In 1929 Warlimont spent a year in the USA studying American industry and industrial mobilization capability during wartime. Would say he traveled all around the country. Warlimont knew just how much the USA could really produce when we got things on a wartime basis, and our potential to produce even more. That potential was borne out, in spades. Guess his reports were ignored in the end.

Agree Hitler, like many Germans and probably many others outside the USA, had no idea just how big America was and how little chance they had of any meaningful attack against the country.
 
This, pretty much. But Hitler and company needed to look back at history. When the USA came into WWI, we helped provide the punches that brought Germany to the armistice table.

Ah but remember that, for Hitler, America's role in the First World War was inconsequential. Germany had been on the brink of victory before the Jews, the Communists, and Philipp Scheidemann stabbed the German army in the back. Germany's defeat had nothing at all to do with America entering the conflict, military collapse after Hundred Days, the overheating economy, or any other one of those pesky material reasons.
 
... it'd be reason enough at that point especially as they could easily equate the same evils associated with the Japanese to the Germans

A lot of people already saw the nazis for what they were. Over the years I've discovered how many people in the US had direct family & business connections with people in Occupied Europe. The information filtering back in correspondence & talking with refugees arriving in the US and neutral nations was painting a picture as ugly as the German occupation of Belgium in the Great War. Most adults remembered that story & were prepared to believe it again. Seymour Hershs 'Patterns of Conquest' published in the spring of 1941 hit a nerve among a portion of the US population.
 

Jack Brisco

Banned
Ah but remember that, for Hitler, America's role in the First World War was inconsequential. Germany had been on the brink of victory before the Jews, the Communists, and Philipp Scheidemann stabbed the German army in the back. Germany's defeat had nothing at all to do with America entering the conflict, military collapse after Hundred Days, the overheating economy, or any other one of those pesky material reasons.
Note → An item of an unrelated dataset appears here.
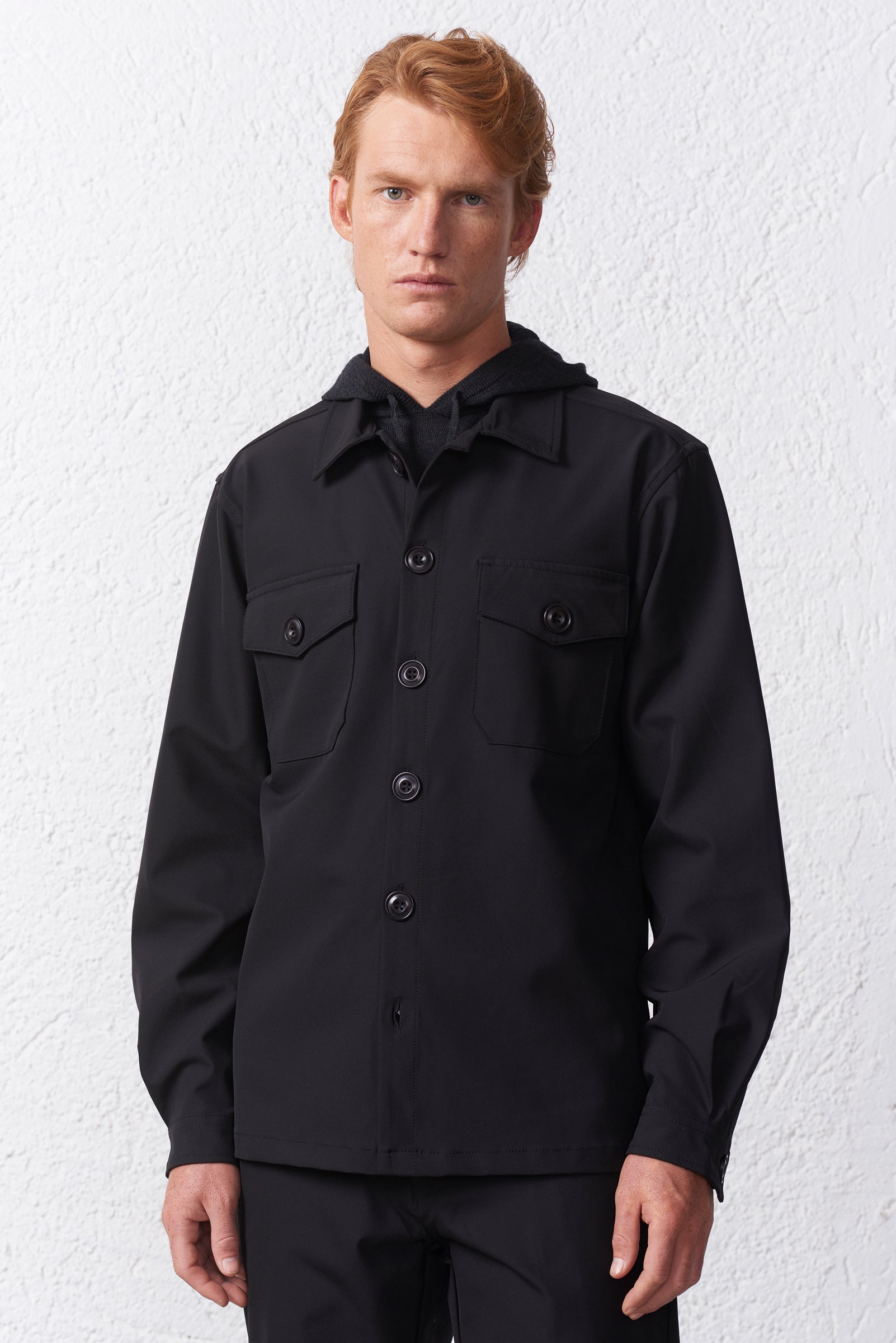 Overshirt uomo dal design contemporaneo realizzata in tessuto tecnico stretch, pensata per offrire leggerezza, elasticità e grande comfort in ogni occasione. Il modello presenta una linea pulita con chiusura frontale a bottoni, due tasche con pattina e bottone applicate sul petto per un tocco utility, polsi regolabili e colletto classico. Perfetta da indossare sia come giacca leggera durante le mezze stagioni sia come strato intermedio sotto cappotti o piumini durante i mesi più freddi. La vestibilità regolare e la costruzione stretch assicurano libertà di movimento e una sensazione confortevole, mentre le varianti colore blu e nero garantiscono versatilità ed eleganza in ogni abbinamento.

Yup, saying what they needed to do, not what they did. And just like in so many other areas, Hitler ended up screwing himself.
 
GERMANY never planned any war with either USSR or USA. Hitler on the other hand had such racial hatred for the Slaves & Jews that once he embraced AMERICA as the leader of international Jewary [After Munich] he was driven to attack America & Russia.. No wonder there were 20 attempts on his life...many were from Wehrmacht.
 
"nazis also kept collective farms"

(OT) Wow that was stupid. There is a POD there too.
Well, there was method to the madness. Collective farming made starving everyone easier (as soviets provided plenty of evidence). If collectives were dissolved, and landholding peasants merely (heavily) taxed, they'd sell surplus to Russian cities and German army, and if taxes were too high they'd just hide some grain just in case (Russians and Ukrainians had decades to learn how to hide grain from commissars... which is why collectivization was pushed so heavily, to stop kulaks from "hoarding"). That would mean little to no Slavs starving, and that'd be unacceptable to Hitler. But if you have collective farms, you can more easily confiscate everything and leave people to rot. They also ended up with less food for soldiers, but hey, why bother to get Endsieg without Lebensraum, eh?